I have always taken plenty of care to try and avoid becoming dependent on big tech for my lifestyle. Succeeded in some areas failed in others.

But now AI is a part of so many things I do and I'm concerned about it. I'm dependent on Android but I know with a bit of focus I have a clear route to escape it. Ditto with GMail. But I don't actually know what I'd do tomorrow if Gemini stopped serving my needs.

I think for those of us that _can_ afford the hardware it is probably a good investment to start learning and exploring.

One particular thing I'm concerned about is that right now I use AI exclusively through the clients Google picked for me, coz it makes financial sense. (You don't seem to get free bubble money if you buy tokens via API billing, only consumer accounts). This makes me a bit of a sheep and it feels bad. There's so much innovation happening and basically I only benefit from it in the ways Google chooses.

(Admittedly I don't need local models to fix that particular issue, maybe I should just start paying the actual cost for tokens).


Just use an open weight model like GLM-5 behind an aggregator (OpenRouter, NanoGPT) then. That is a commodity market, right now.

It’s a luxury for the wealthy to be honest. At least for now.

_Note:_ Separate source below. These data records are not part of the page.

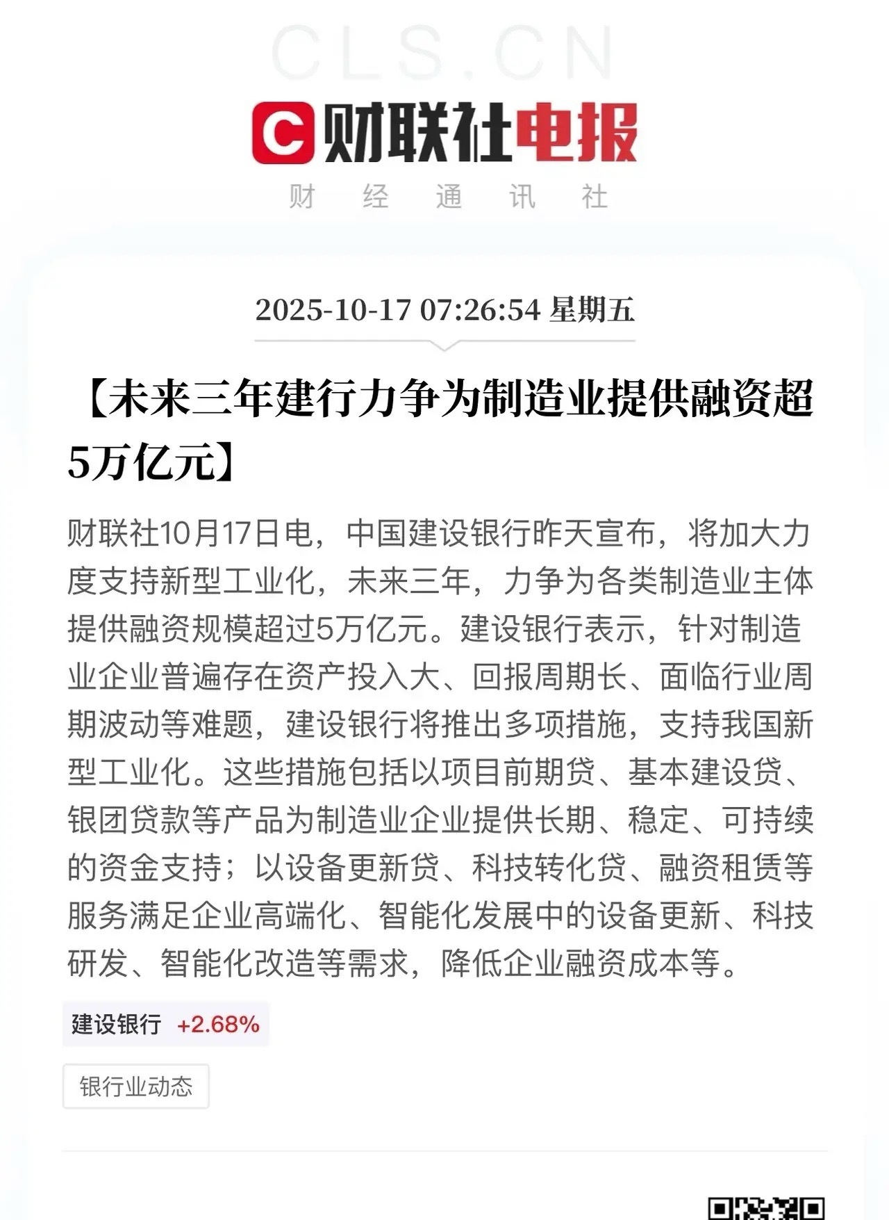 建设银行重磅消息,
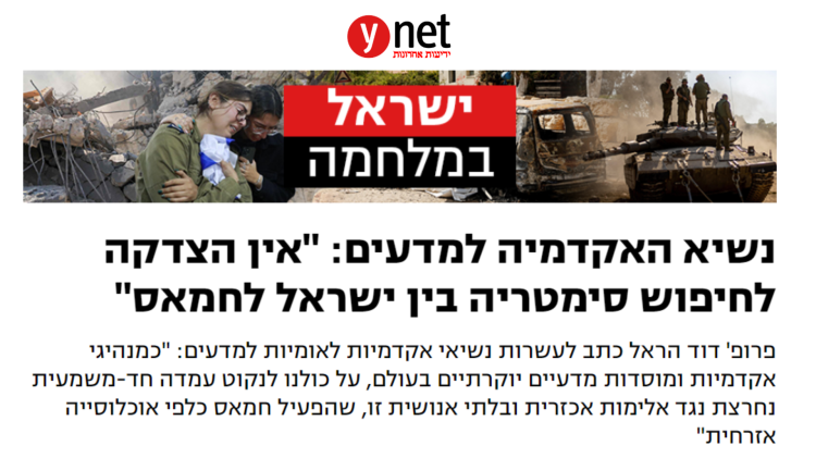 נשיא האקדמיה הלאומית הישראלית למדעים, פרופ' דוד הראל, שלח היום מכתב לעשרות נשיאי אקדמיות לאומיות למדעים וראשי ארגוני מדע מובילים וחשובים בעולם, ובהם האקדמיות הלאומיות של ארה"ב, בריטניה, גרמניה, צרפת ואיטליה. המכתב נשלח אליהם בתגובה על מכתבי תמיכה ותנחומים רבים שקיבל מהנשיאים ומראשי ארגוני המדע בעקבות המתקפה האכזרית של חמאס על אזרחים ישראלים בעוטף עזה, שבכמה מהם צוין הצורך "שכל הצדדים יימנעו מאלימות".
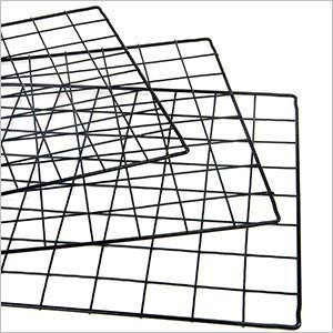 KỆ LƯỚI được lắp ghép từ các tấm lưới sắt sơn tĩnh điện màu đen chống rỉ set. Các tấm ghép sẽ liên kết với nhau bởi các chốt nối bằng nhựa ABS chịu lực siêu chắc chắn.
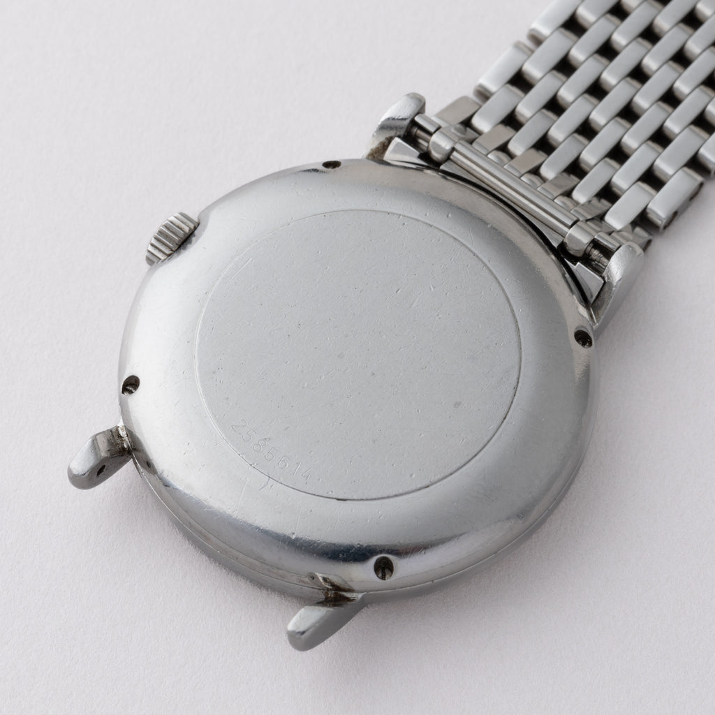 • ヴィンテージ時計の特性上、風防・パッキン・リューズ・バネ棒などの消耗部品は後年メンテナンス過程で交換されている場合がございます。オリジナル性を重視しておりますが、必要に応じて適切な部品にて調整されていますので、よりコレクション性重視のお求めのお客様は事前にご確認ください。
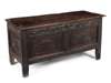 the rectangular hinged top bearing engraved date 1689, over a scroll carved frieze and double panel front with arched foliate carving, raised on stile feet
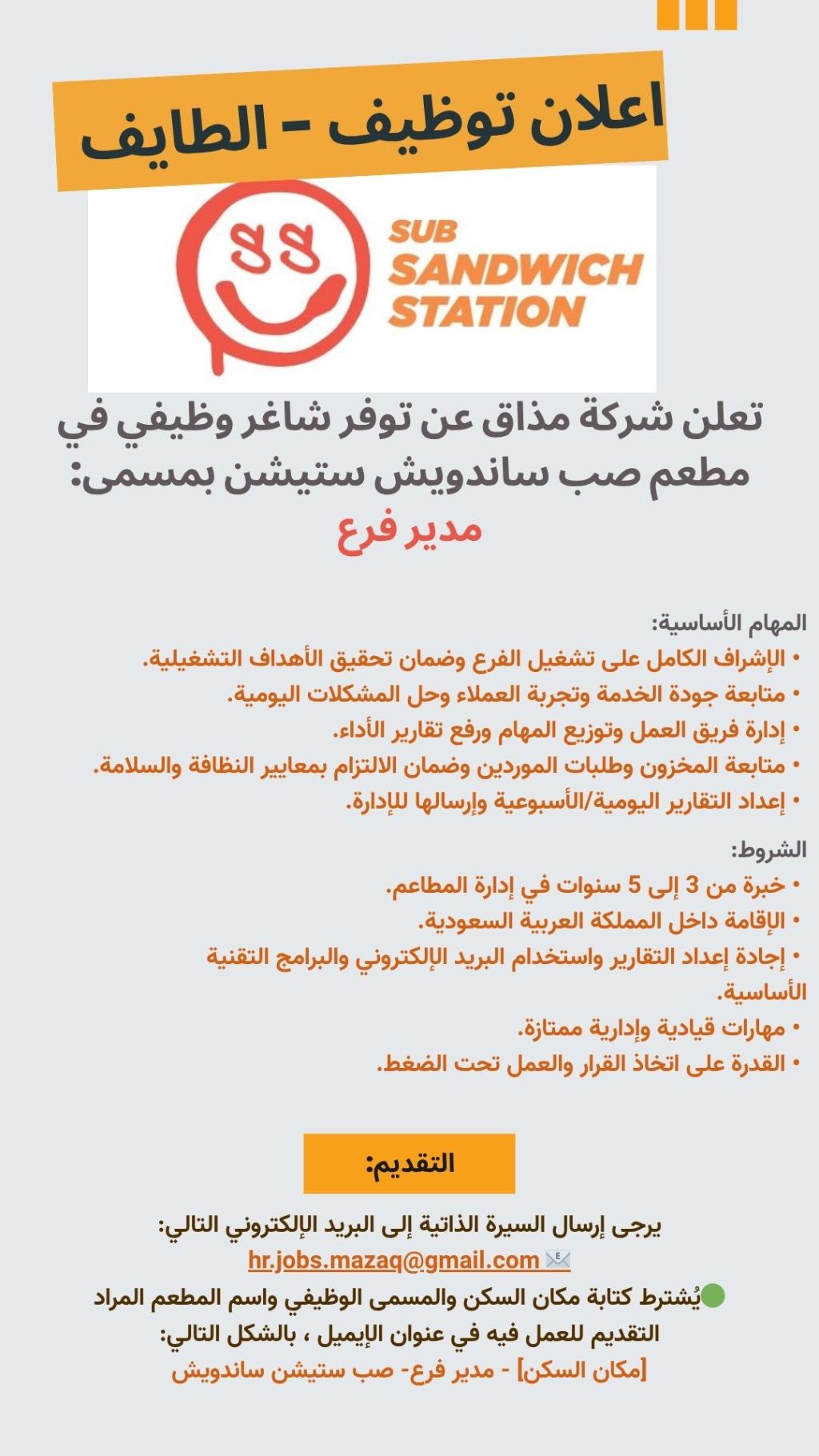 تعلن شركة مذاق عن توفر شاغر وظيفي في مطعم صب سندويش ستيشن بمسمى مدير فرع الموقع الطائف - حي الحوية المهام الأساسية الاشراف الكامل على تشغيل الفرع وضمان تحقيق الأهداف التشغيلية. متابعة جودة الخدمة وتجربة العملاء وحل المشكلات اليومية. إدارة فريق العمل وتوزيع المهام ورفع تقارير الأداء. متابعة المخزون وطلبات الموردين وضمان الالتزام بمعايير النظافة والسلامة. اعداد التقارير اليومية / الأسبوعية
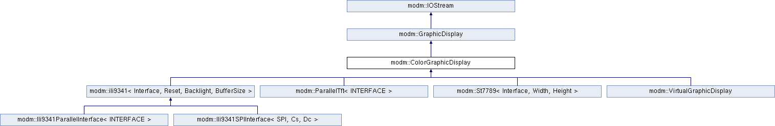 Implemented in modm::ili9341< Interface, Reset, Backlight, BufferSize >, modm::MonochromeGraphicDisplay< Width, Height, BufferWidth, BufferHeight >, modm::MonochromeGraphicDisplay< Width, Height, Width/8, Height >, modm::MonochromeGraphicDisplay< Width, Height, Width, Height/8 >, modm::ParallelTft< INTERFACE >, and modm::VirtualGraphicDisplay.

These prices are ridiculous

Apparently inference itself is profitable, at least according to an interview I watched with Dario. They even cover the cost of training itself, if you look at it on a model-by-model basis.

The cash burn comes from models ballooning in size - they spend (as an example, not actual numbers) 100M on training + inference for the lifetime of Sonnet 3.5, make 200M from subscriptions/api keys while it's SOTA, but then have to somehow come up with 1B to train Opus 4.0.

To run some other back of the envelope calcs: GLM 4.7 Air (previous "good" local LLM) can generate ~70 tok/s on a Mac Mini. This equates to 2,200 million tokens per year.

Openrouter charge $0.40 per million tokens, so theoretically if you were using that Mac mini at 100% utilisation you'd be generating $880 per annum "worth" of API usage.

Assuming a power draw of something 50W, you're only looking at 440kWh per annum. At 20c per kWh that's $90 on power, plus $499 to get the hardware itself. Depreciate that $499 hardware cost over 3 years and you're looking at ~$260 to generate ~$880 in inference income.


We are not in this thread because of finances but because of safety from oppressive governments and bad big corps. It's for you to decide the price of your own safety.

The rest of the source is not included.